Eu entendo o vislumbre que a promessa de realização pessoal e independência total que a ideologia do "desapego-de-tudo-e-eu-sou-mais-eu'' provoca. Pessoas de baixa autoestima preferem se iludir com a falsa meta de que, ao jogar tudo para o alto e viveram para si mesmas, sem qualquer limite moral, ético ou qualquer responsabilidade com as pessoas próximas, finalmente se realizarão. Esse vai ser justamente o momento que vão perceber que falharam miseravelmente. 

Sem querer entrar em qualquer argumento religioso, mas uma metáfora, nesse sentido, cai bem: ninguém chega ao céu sozinho. Cada pessoa, cada valor, cada coisa que entra no seu caminho cumpre uma finalidade na sua verdadeira evolução, a única que importa: a de aprender que a felicidade está fora, e não dentro, de nós. São as pessoas, são as ideias, são os valores, que fazem a vida fazer sentido, que dão gosto às nossas ações, que dão um caráter finalístico à nossa existência. Sim, você não evolui por evoluir, nem evolui para si mesmo; você evolui para ser útil para alguém, poxa! Ao irradiar felicidade e amor, você recebe muito mais de volta!

Vem cá: tu consomes vários litros de água e vários quilos de comida por semana. Respiras dez mil litros de oxigênio por dia. Pra acender uma lâmpada, acionas uma indústria geradora enorme e complexa, que somente existe graças a séculos de trabalho de gênios como Galileu, Newton, Tesla e Edison. É sério que você acha que não deve cooperar, nem um pouquinho, com tudo o que te cerca? Não escolha agir como o reizinho do primeiro mundo visitado pelo Pequeno Príncipe. A única coisa que vai conseguir é, se conseguir algum sucesso, olhar para os lados e não ver nada além do vazio que existe dentro de você mesmo. 

Não fugir dos problemas é um primeiro passo. A maturidade, mais do que fazer suas próprias escolhas, é fazê-las de forma responsável. Esqueça a balela de autoconhecimento, iluminação, frases de Clarice Lispector ou de Osho (quem?); a paz interior não se alcança mandando o mundo se lascar e viver em um estado semi-sonâmbulo. Sair descartando "quem te incomoda'', rasgar valores e ideias que fazem sua consciência pesar (por que não mentir? Por que não trair? Por que não falar mal de um amigo para conseguir o emprego dele?), jogar tudo para o alto por que é mais confortável não vai fazer a dor passar. Enfrentar o problema e resolvê-lo sem machucar as pessoas ou rasgar noções elementares de ética e moral, sim. 

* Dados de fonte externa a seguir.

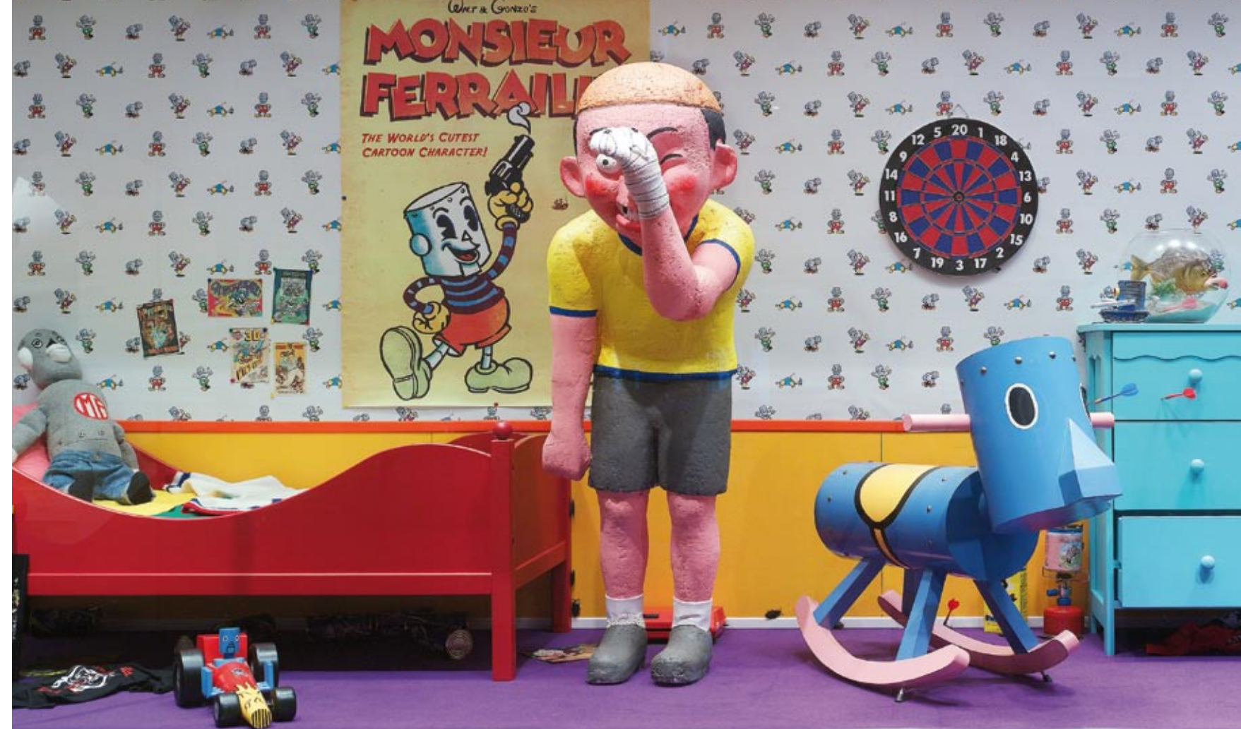
V prostorách věnovaných historii hraček se zabaví děti, dospělí nevynechají kapitoly z dějin designu
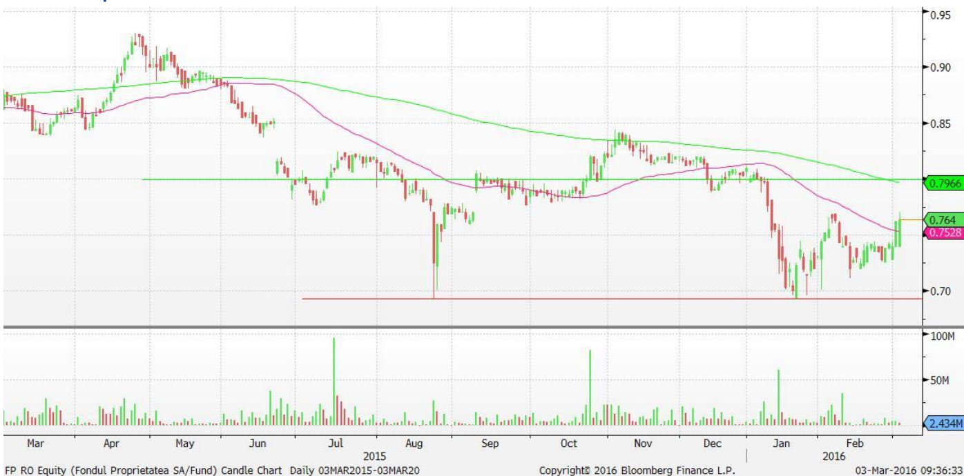
FP RO Equity (Fondul Proprietatea SA/Fund) Candle Chart Daily 03MAR2015-03MAR20
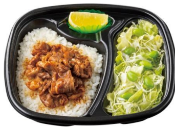
セットでうれしい！ サラダ&ビーフレモンコンボ 630円
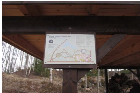
Ģimenes stūrītis, nojume uzcelta par ES projekta līdzekļiem
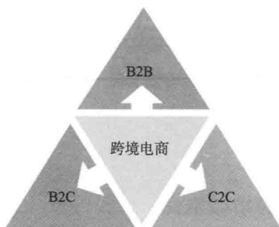
跨境电商的三种模式

跨境电商有三种模式，分别是 B2B（企业对企业）、B2C（企业对消费者）、C2C（个人对消费者）。而跨境微商，其实就是针对 B2C（企业对消费者）、C2C（个人对消费者）这两种模式而言的（本书所讲的知识，基本倾向于这两种模式）。所以，跨境微电商的定义
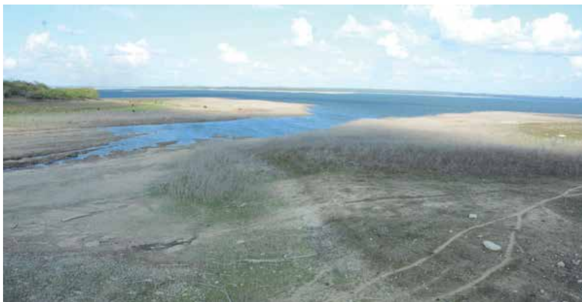
Los embalses del territorio apenas acumulan el 30 por ciento de su capacidad.

En el período seco, que se extiende de noviembre a abril, aquí solo se acumulan unos 133 milímetros de lluvia, que representan algo más del 60 por ciento de la media histórica de la etapa
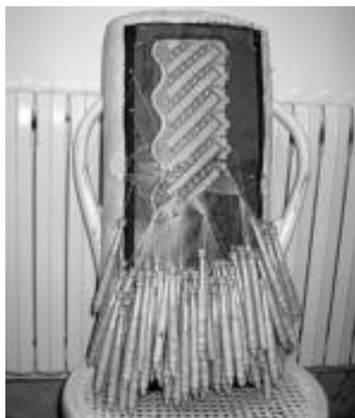
Ehoziariak. Ikastaroetako batean, bainikako eta ehoziarietako lanak burutu dituzte. Tailer honetan zazpi ikasle aritu dira lanean. E. EZEIZA
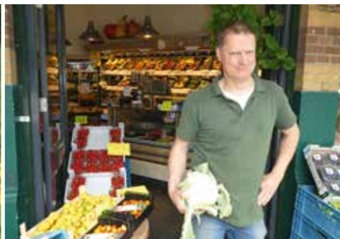
Bekende winkels verdwijnen pag. 14 en 15
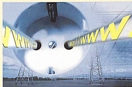
Stromleitungen zum Aufbau alternativer Breitbandzugänge.

Durch die EU-weite Liberalisierung der Energiemärkte erhalten die Stromversorgungsunternehmen neue Möglichkeiten, um ihre vorhandenen Versorgungsnetze und Stromleitungen zum Aufbau alternativer Breitbandzugänge zu nutzen. In vielen Fällen stellte die Unsicherheit hinsichtlich der Regeln für diesen Markt eine Markteintrittsbarriere dar. Um für klare Regelungen zu sorgen, hat die Kommission diese Empfehlung und die entsprechenden Durchführungsbestimmungen zuvor ausführlich mit den EU-Mitgliedstaaten erörtert. Nach der Kommissionsempfehlung sollen die Mitgliedstaaten alle ungerechtfertigten rechtlichen Hindernisse beseitigen, die insbesondere die Energieversorgungsunternehmen vom Aufbau solcher Breitbandkommunikationssysteme über Stromleitungen abhalten.
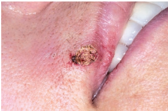
Die Situation direkt nach der OP.
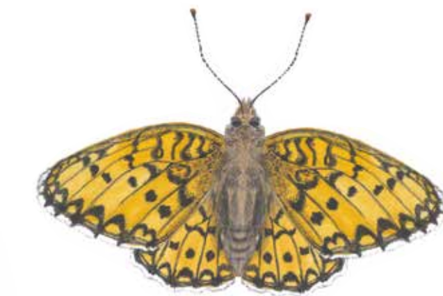
På de torra hedarna kan man finna fjärilar som Hedpärlormfjärilen ( Argynnis niobe ). Den lägger sina ägg på bl a styvmorsviol där också larverna utvecklas.
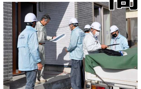
揃いのジャンパーを着て現場で組合をPR

「安全パトロールで現場を見てまわり、共通で感じた事は、いずれも作業環境が綺麗だった事です。土木業の私は足場の知識などは無く全くの素人ですが、現場では一人一人が仕事をしやすくする環境を作る事が、最終的には自身の安全に繋がると改めて確信出来たパトロールとなりました。」
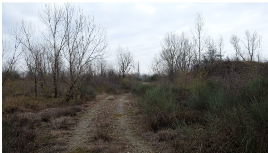
Foto 10: Tratto iniziale del tragitto alternativo di collegamento alla pista in fregio al t. Enza da Ovest
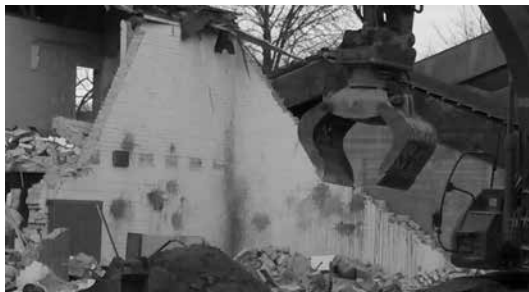
Abrissfoto vom Januar 2018

Bereits seit über einem Jahr ist die Johannesgemeinde nun Gast in den Kirchen- und Gemeinderäumen von St. Gallus. Dass man dennoch heute vom neuen Gebäude erst den Rohbau sieht, hat mehrere Gründe. Nachdem der Architektenwettbewerb noch von einem 2-gruppigen Kindergarten ausging, hat sich die Bedarfsprognose im Laufe der Planung zuerst auf einen dreigruppigen, dann sogar auf eine viergruppige Einrichtung erhöht. Daran musste der fertige Entwurf jeweils angepasst werden. Als dann auf die Ausschreibung der Rohbauarbeiten kein einziges Angebot abgegeben wurde, verzögerte sich der Baubeginn entsprechend. Erst im Februar konnte mit den Rohbau- und Erdarbeiten begonnen werden, die zudem noch mit unerwartet schwierigem Baugrund zu kämpfen hatten. Trotz aller Hindernisse soll aber der Fertigstellungstermin im Sommer 2019 eingehalten werden.
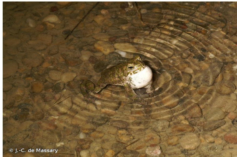
Bufo viridis viridis (Laurenti, 1768)
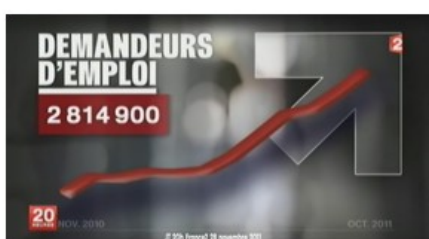
JT – 20h – France 2
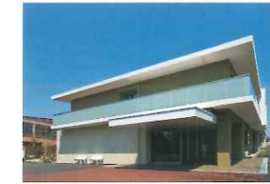
サンサーラ・レジデンス

所在地/大阪府寝屋川市成田東が丘 事業主/社会福祉法人百丈山合学会 設計/株式会社IAO竹田設計 施工/株式会社前田組 竣工/2016年9月
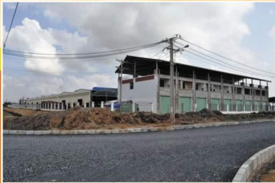
◀ Ji Xiang Yun project under construction
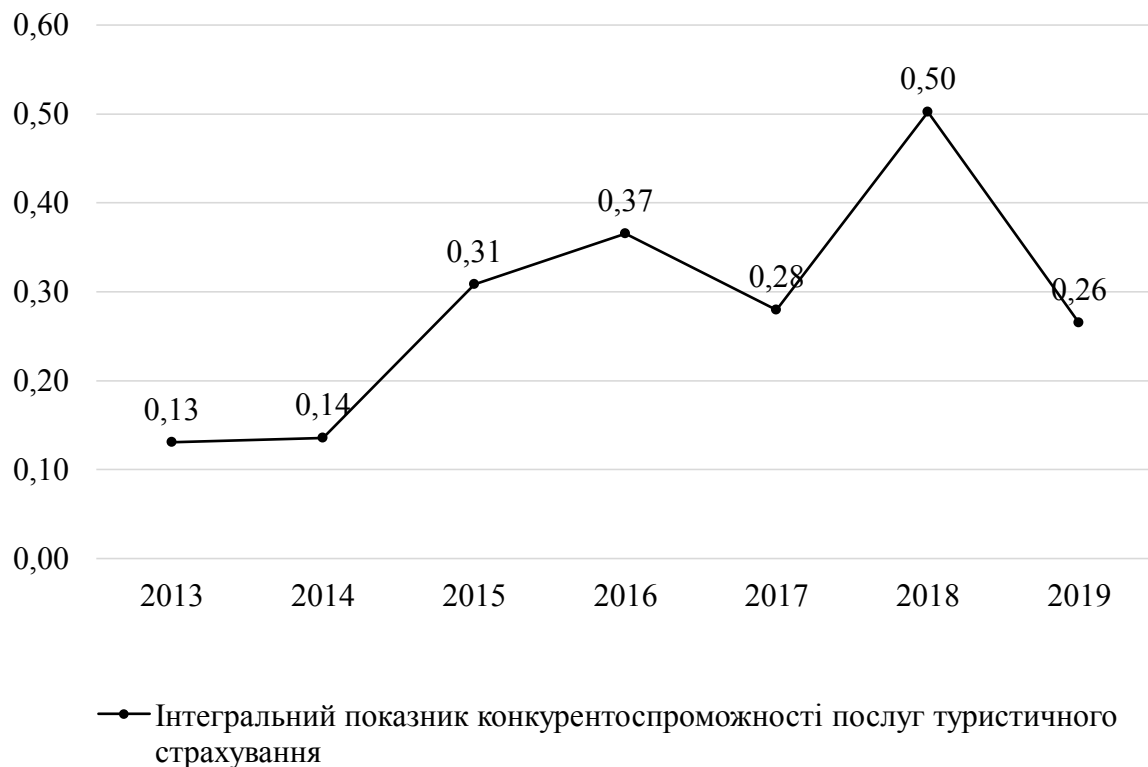
Рис. 2. Тенденції зміни інтегрального показника конкурентоспроможності послуг міжнародного туристичного страхування

Як представлено на рис. 2, найбільшого значення інтегральний показник конкурентоспроможності послуг міжнародного туристичного страхування досягнув у 2018 році переважно за рахунок високих темпів зростання обсягу валових страхових премій та зниження частки 10 перших страховиків на ринку послуг туристичного страхування, що характеризує ступінь його монополізації. Втім, у 2019 році відбувся спад цих показників, а відповідно й інтегрального показника конкурентоспроможності. Зростання рівня конкуренції у галузі є позитивним фактором, який стимулює страхові компанії підвищувати якість послуг та пропонувати більш привабливі умови страхування для споживачів.

Não é fácil optar por respeitar o que herdamos nem a vida que temos. Isso não se significa, jamais, conformismo. Significa que você vai sim subir, mudar, se transformar, mas conservando um núcleo duro que realmente faz de você, você: a imensa e rica herança de valores, vivências, pessoas e sentimentos que você recebeu e viveu. Cultivar o sucesso a partir delas, como os grandes conquistadores e líderes do mundo fizeram, deve ser a sua meta - e não se livrar de tudo para viver uma vida alienada, iludida e desenfreada. 

Sabe de uma coisa? Escutar os outros e respeitar o que herdamos tem um sentido muito lógico. Dois acertam onde um erram, sabe? Trabalho coletivo vence um individual. Ninguém basta a si mesmo! Seus pais e avós te deixaram um "know-how'' (que tal um arquivo?) de experiências e valores. Eles viveram mais que você, acertaram e erraram mais. Calçai as sandálias da humildade, pegue a construção de onde eles pararam e, com as mesmas massa e tijolos, continue. O que você acha que te atrasa te fortalece: não seja um pequeno ditador para impor ao mundo seu tempo e suas crenças de momento. Você não vai fazer o mundo girar mais rápido. Ah, mas se souber como usar o tempo do mundo para navegar pelas correntes da vida... o quão longe pode ir! E, quer saber, quando chegar à uma linda praia de água cristalina, não vai estar sozinho lá. 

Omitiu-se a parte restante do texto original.